Dropping every picture, set down exactly the lines in the entries below, starting with the line with "The whole gang" and going on through the line with "2. 桌面採12mm亮面雪山石岩板面,具耐磨、耐熱特性".

Records from a collection
---+---
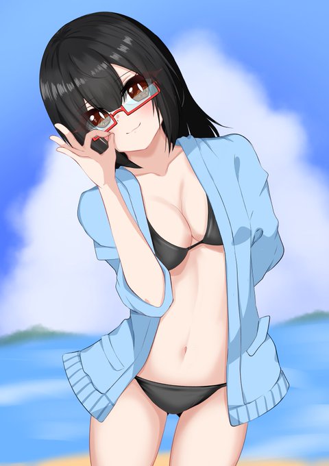 3 8 38日目、メガネっ娘ちゃん「日焼け止め塗って!」 #100日チャレンジ #ビキニの日 #メガネ #イラスト 23/07/05 22:10
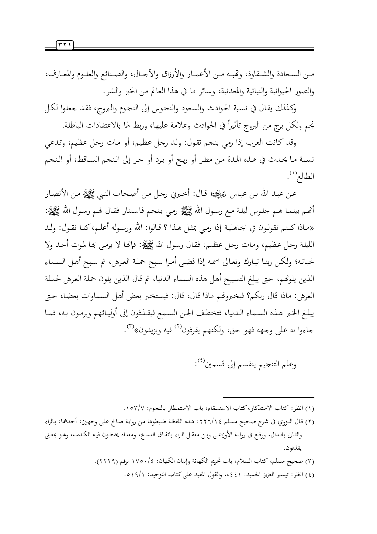 عن عبد الله بن عباس -رضي الله عنهما- قال: أخبرني رجل من أصحاب النبي -صلى الله عليه وسلم- من الأنصار أنهم بينما هم جلوس ليلة مع رسول الله -صلى الله عليه وسلم- رمي بنجم فاستنار فقال لهم رسول الله -صلى الله عليه وسلم-: «ماذا كنتم تقولون في الجاهلية إذا رمي بمثل هذا؟ قالوا: الله ورسوله أعلم، كنا نقول: ولد الليلة رجل عظيم، ومات رجل عظيم، فقال رسول الله -صلى الله عليه وسلم-: فإنها لا يرمى بها لموت أحد ولا لحياته؛ ولكن ربنا تبارك وتعالى اسمه إذا قضى أمرا سبح حملة العرش، ثم سبح أهل السماء الذين يلونهم، حتى يبلغ التسبيح أهل هذه السماء الدنيا، ثم قال الذين يلون حملة العرش لحملة العرش: ماذا قال ربكم؟ فيخبرونهم ماذا قال، قال: فيستخبر بعض أهل السماوات بعضا، حتى يبلغ الخبر هذه السماء الدنيا، فتخطف الجن السمع فيقذفون إلى أوليائهم ويرمون به، فما جاءوا به على وجهه فهو حق، ولكنهم يقرفون (¬2) فيه ويزيدون» (¬3).
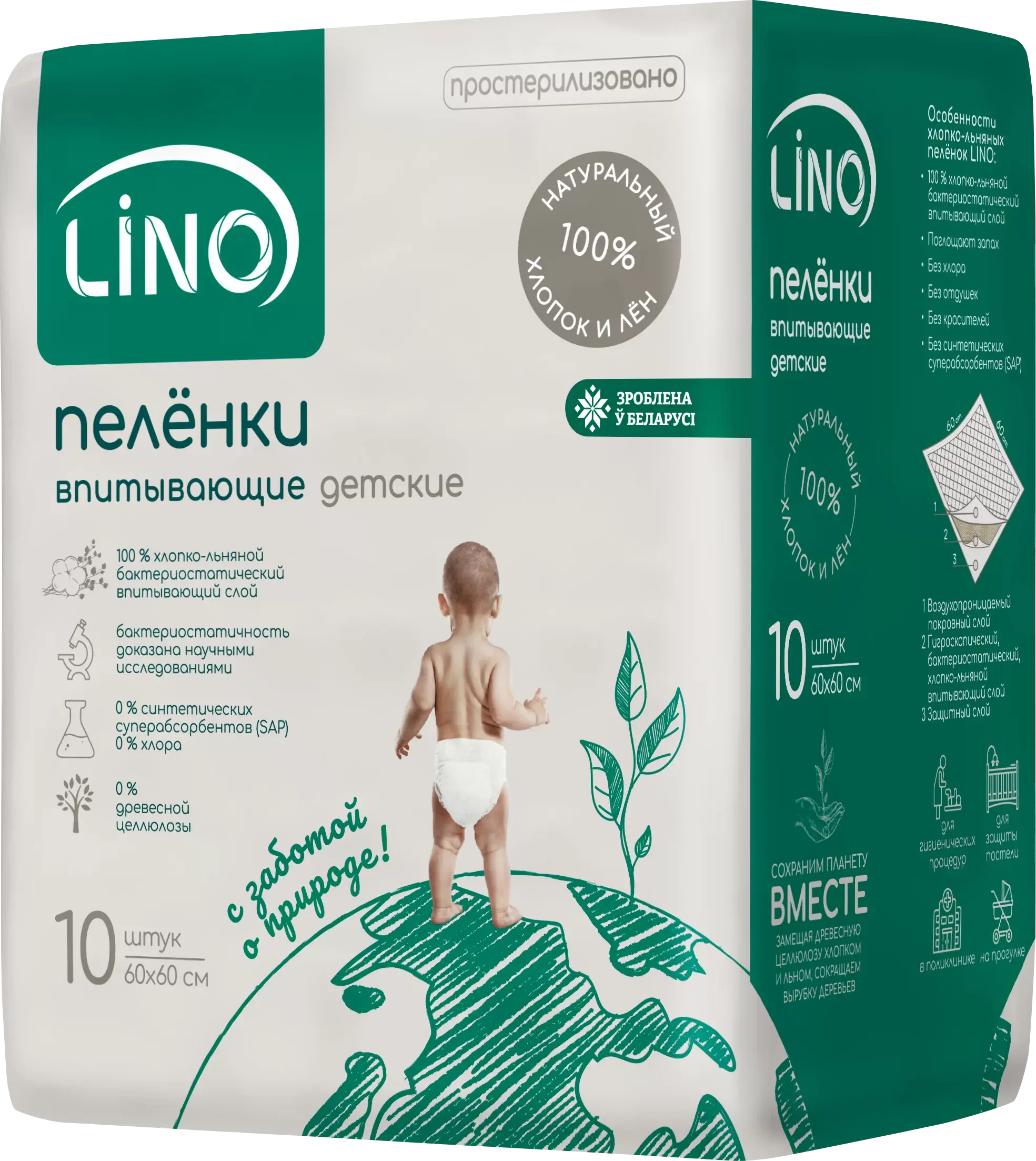 Впитывающие одноразовые пелёнки LINO для детей (размер 60 × 60 см, 10 шт. в упаковке) изготовлены с использованием хлопко‑льняного впитывающего слоя. Предназначены для гигиенического ухода: защищают постель и поверхности от влаги, удобны при смене подгузников, пеленании и проведении гигиенических процедур. Трёхслойная конструкция гарантирует комфорт и надёжность: верхний слой — мягкое воздухопроницаемое нетканое полотно, средний — впитывающий хлопко‑льняной слой (отбелён кислородным методом, без хлора), нижний — влагонепроницаемая плёнка, предотвращающая протекание. Пелёнки стерильны, гипоаллергенны, не содержат отдушек, красителей и синтетических суперабсорбентов, безопасны для чувствительной детской кожи.
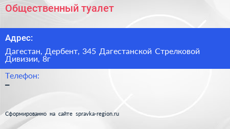 Общественный туалет по адресу Дагестан, Дербент, 345 Дагестанской Стрелковой Дивизии, 8г в дальнейшем Организация, размещена в следующих категориях:
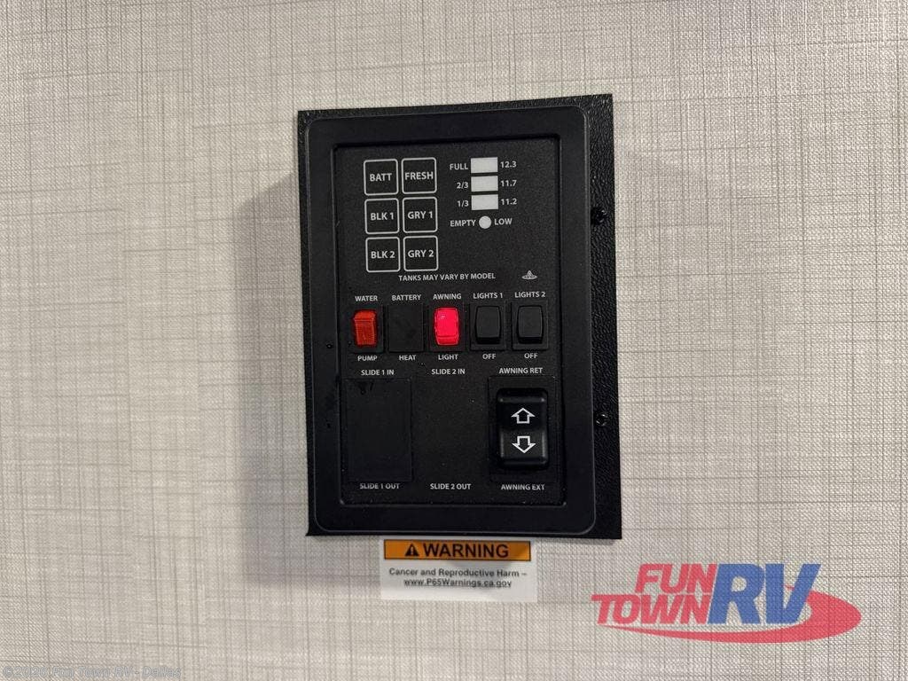 The whole gang will love camping in this travel trailer with double-size bunks! You'll enjoy your own Olympic RV queen bed up front in the semi-private bedroom, along with dual wardrobes to keep your things tidy. Once the chef of your group has made dinner on the three-burner cooktop, you can dine at the booth dinette or take your plate outdoors to sit under the 16' power awning with LED lights. There is also a sofa with an end table inside that will provide additional seating and sleeping space. And don't overlook the rear corner full bath adjacent to the bunks for easy nighttime use!
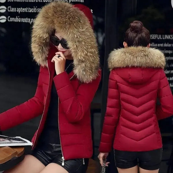 - Neckline/Shoulder Style: High collar with a fur-trimmed hood
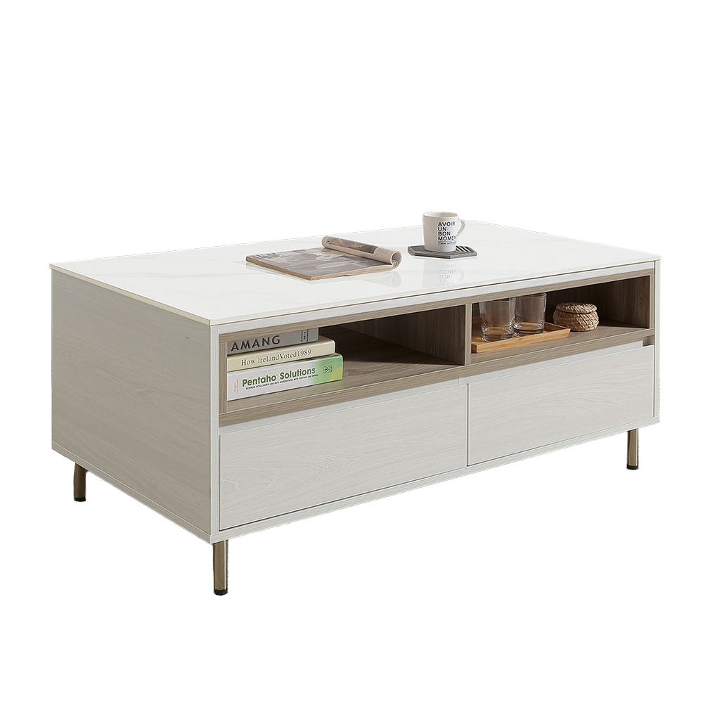 2. 桌面採12mm亮面雪山石岩板面,具耐磨、耐熱特性
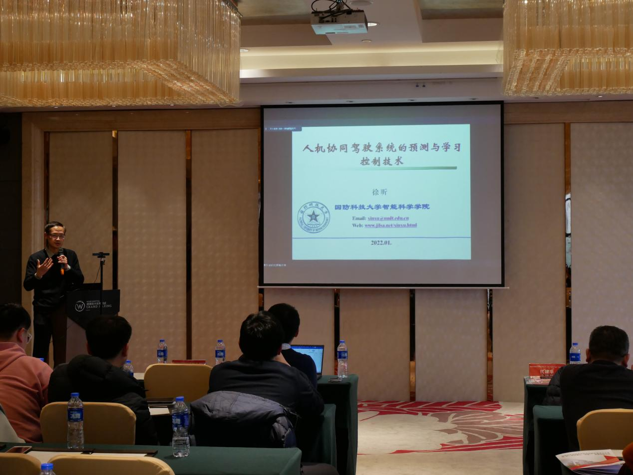 湖南大学电器学院副院长刘敏教授主持了第二场和第三场学术报告。第二场学术报告由国防科技大学的徐昕教授主讲,以“人机协同驾驶系统的预测与学习控制技术”为落脚点,介绍了智能汽车的现状和发展趋势以及现阶段智能车辆学习预测控制的研究进展。详细讲解了“危险事件触发的智能车辆人机共享控制”和“基于行人轨迹预测学习和DRL的人机协同驾驶”模型,让人受益匪浅。
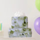 The hydrangea is a glorious, flowering shrub. The flowers can be pink, purple, blue, cream and, depending on the soil, magical combinations of these colours. In some varieties of hydrangea, the pH of the soil will determine the colour. Blue requires acidic soil, with a pH of about 5.0 to 5.5. Pink or purple requires an alkaline soil, with a pH of 6.5 to 7.0. Neutral soil will generally result in cream-coloured petals, but you can also get what some call "blurple" (blue and purple). Like clusters of tiny butterflies, the small florets gather into stunning spheres. The hydrangea is said to represent grace, friendship, lavish beauty and the preservation of love that lasts forever. This latter sentiment is likely why white hydrangeas are so popular for bridal bouquets. The pattern on this gorgeous wrapping paper repeats every three linear feet, but each wrapped gift will be covered in these spectacular white blooms. It is an excellent choice for birthdays, anniversaries and Mother's Day and a really good option for bridal showers and wedding presents.
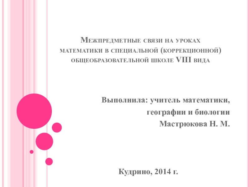 Слайд 1Межпредметные связи на уроках математики в специальной (коррекционной) общеобразовательной школе VIII
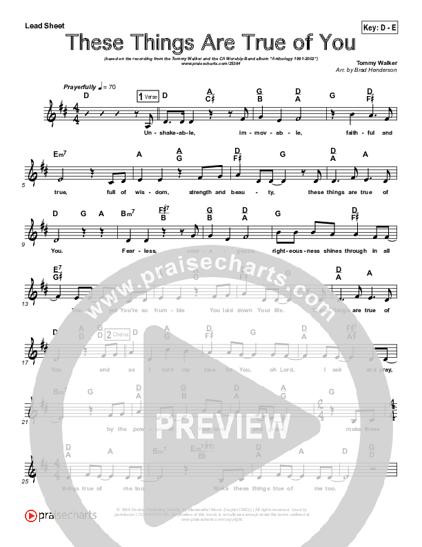 Download the sheet music for These Things Are True Of You by Tommy Walker, from the album Tommy Walker Anthology CD (1991-2002). This song was arranged by Brad Henderson in the key of D, Eb.
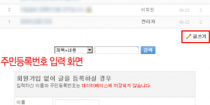 비회원 글등록시 주민등록번호 체크(?)
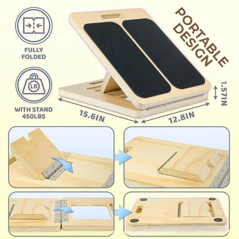 Crafted from heavy-duty wood, this board supports up to 450 lbs while weighing only 4.5 lbs. Its compact design lets you bring your training anywhere—home, gym, or office—so you never miss a chance to strengthen or recover.
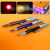 Counterfeit Currency Detector multi-functional laser pen Red Laser Pointer + LED Light + Ballpoint Pen + UV Money Detector + PDA Stylus Pen100% Brand new and high qualityMultifunctional with Red Laser Pointer + LED Light + Ballpoint Pen +Counterfeit CurrencyDetector + PDA Stylus PenIt's a good helper for professors, teachers, doctors, student or anyone who needs give presentation with a board or screen,Upper button in the pen controls the Red Laser PointerPress the first time of the lower button is for the LED Light, press the second time is for UV Money DetectorThe LED Light features as adjustable metallic goose neck.UV Money Detector will help you to reject the forged note. Say goodbye forever to the counterfeit money.Ballpoint Pen works as normal Ball pen.Size:135x10mmPowered by 3 x LR41 button cell battery Comes with metal gift box
---+---
● **Task solution**
 The whole gang will love camping in this travel trailer with double-size bunks! You'll enjoy your own Olympic RV queen bed up front in the semi-private bedroom, along with dual wardrobes to keep your things tidy. Once the chef of your group has made dinner on the three-burner cooktop, you can dine at the booth dinette or take your plate outdoors to sit under the 16' power awning with LED lights. There is also a sofa with an end table inside that will provide additional seating and sleeping space. And don't overlook the rear corner full bath adjacent to the bunks for easy nighttime use!
 - Neckline/Shoulder Style: High collar with a fur-trimmed hood
 2. 桌面採12mm亮面雪山石岩板面,具耐磨、耐熱特性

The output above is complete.